After sending the migrants to Panama, the Trump administration sent 200 migrants from Central Asia, the Middle East and Eastern Europe to Costa Rica, including dozens of children. As in Panama, the migrants are being held at a remote facility several hours’ drive from the capital.

Mr. Kysel said similar legal actions are expected against other countries in Latin America, including Costa Rica, that are cooperating with Mr. Trump and accepting deportees.

In both cases, the Central American governments said they planned to deport people quickly to their home countries. In the lawsuit, lawyers argue that for the Iranian Christians deportation would carry “irrefutable harm,” because Iran’s law stipulates that converting from Islam is a crime punishable by death.

“I am afraid of what will happen to me at the hands of the government of Panama,” one of the Iranians, Artemis Ghasemzadeh, said in a sworn declaration filed in the lawsuit. “I still want to seek asylum in the United States and pursue a free life as a Christian there.”

Ms. Ghasemzadeh, 27, who fled Iran in December and made her way from Mexico across the southern U.S. border, has been publicizing their ordeal in media interviews. She first attracted global attention when a video in which she recounted being shackled and deported to Panama spread widely online.

The commission typically issues decisions in such cases within days, said Mr. Vivanco.

The bar for the commission to issue protections to plaintiffs is very high, he said. But given Iran’s policy toward converted Christians, he thought the case had a chance. “I think this is going to get the attention of everyone involved,” he said.

Mr. Kysel said he hoped the lawsuit deterred other countries from participating in Mr. Trump’s deportation plans.
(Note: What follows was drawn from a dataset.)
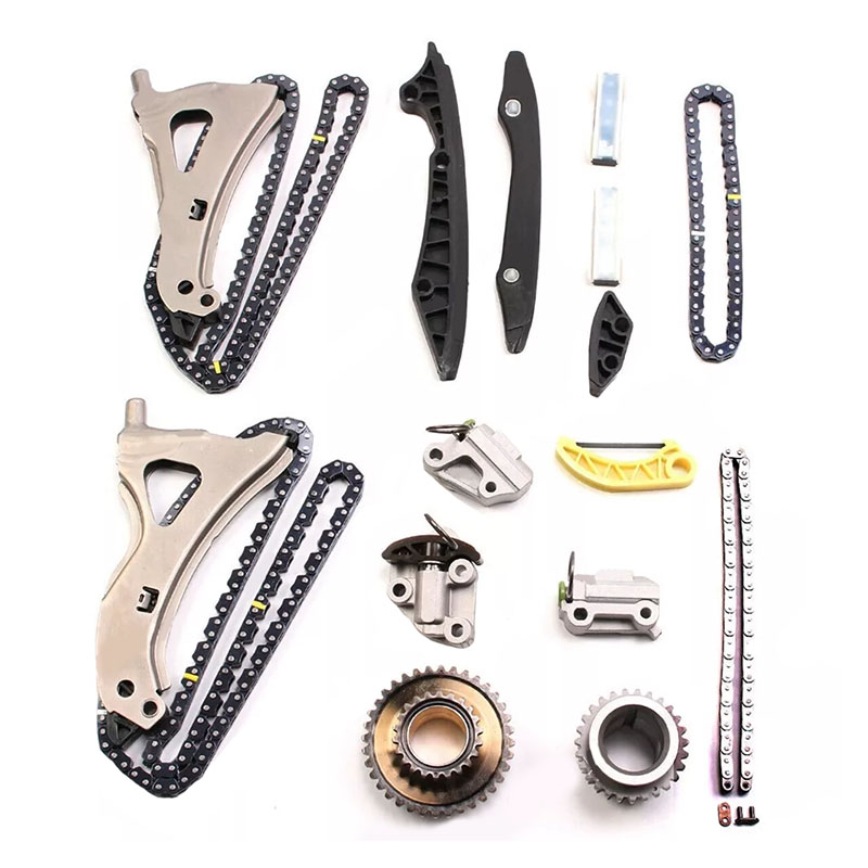 టైమింగ్ చైన్ కిట్ అనేది ఆటోమోటివ్ ఇంజన్లలో ఒక ముఖ్యమైన భాగం, ఇది కాంపాక్ట్ మెటల్ నిర్మాణం, అధిక ప్రసార సామర్థ్యం మరియు జీవితాంతం దాదాపు నిర్వహణ ఉచితం. ఇది ప్రధానంగా ఇంజిన్ యొక్క వాల్వ్ మెకానిజం డ్రైవింగ్పై పనిచేస్తుంది, సరైన సమయంలో కవాటాలు తెరుచుకోవడం మరియు మూసివేయడం మరియు సాధారణ చూషణ మరియు ఎగ్జాస్ట్ ప్రక్రియలను సాధించడం. అదే సమయంలో, సైలెంట్ టైమింగ్ చైన్ దంతాల ఆకృతి డిజైన్ ద్వారా శబ్దాన్ని తగ్గిస్తుంది, ఆపరేషన్ను సున్నితంగా చేస్తుంది మరియు దీర్ఘకాలిక నిర్వహణ ఖర్చులను తగ్గిస్తుంది. టైమింగ్ చైన్ కిట్ అధిక లోడ్ కెపాసిటీ మరియు హై-ప్రెసిషన్ ట్రాన్స్మిషన్ను కూడా కలిగి ఉంది, ఇది అధిక-వేగం మరియు అధిక-ఉష్ణోగ్రత వాతావరణంలో ఇంజిన్ యొక్క పని అవసరాలను తీర్చగలదు మరియు మెకానికల్ పరికరాల విశ్వసనీయత మరియు సామర్థ్యాన్ని మెరుగుపరుస్తుంది.

“Panama and any other country in the region face legal liability if they receive, detain and deport asylum-seekers summarily expelled from the United States,” said Mr. Kysel.

The lawsuit is a result of collaboration among lawyers and legal groups in multiple countries.

One of the lawyers, Ali Herischi, who is representing the Iranians pro bono, said he plans on filing a separate lawsuit this week against the Department of Homeland Security. The lawsuit would be on behalf of Ms. Ghasemzadeh and the nine Iranian Christian converts, three of them children, in Panama and three Iranians deported to Costa Rica.

A spokesman for the Department of Homeland Security has previously said that none of the migrants had “asserted fear of returning to their home country at any point during processing or custody.”

Ms. Ghasemzadeh contends she repeatedly asked to fill out paper work for asylum but immigration officials at the camp in California where she was held kept telling her this was not the time.

Mr. Herischi said the motion would challenge the legality of their deportation and requests as a remedy that the group be allowed to apply for asylum in the United States.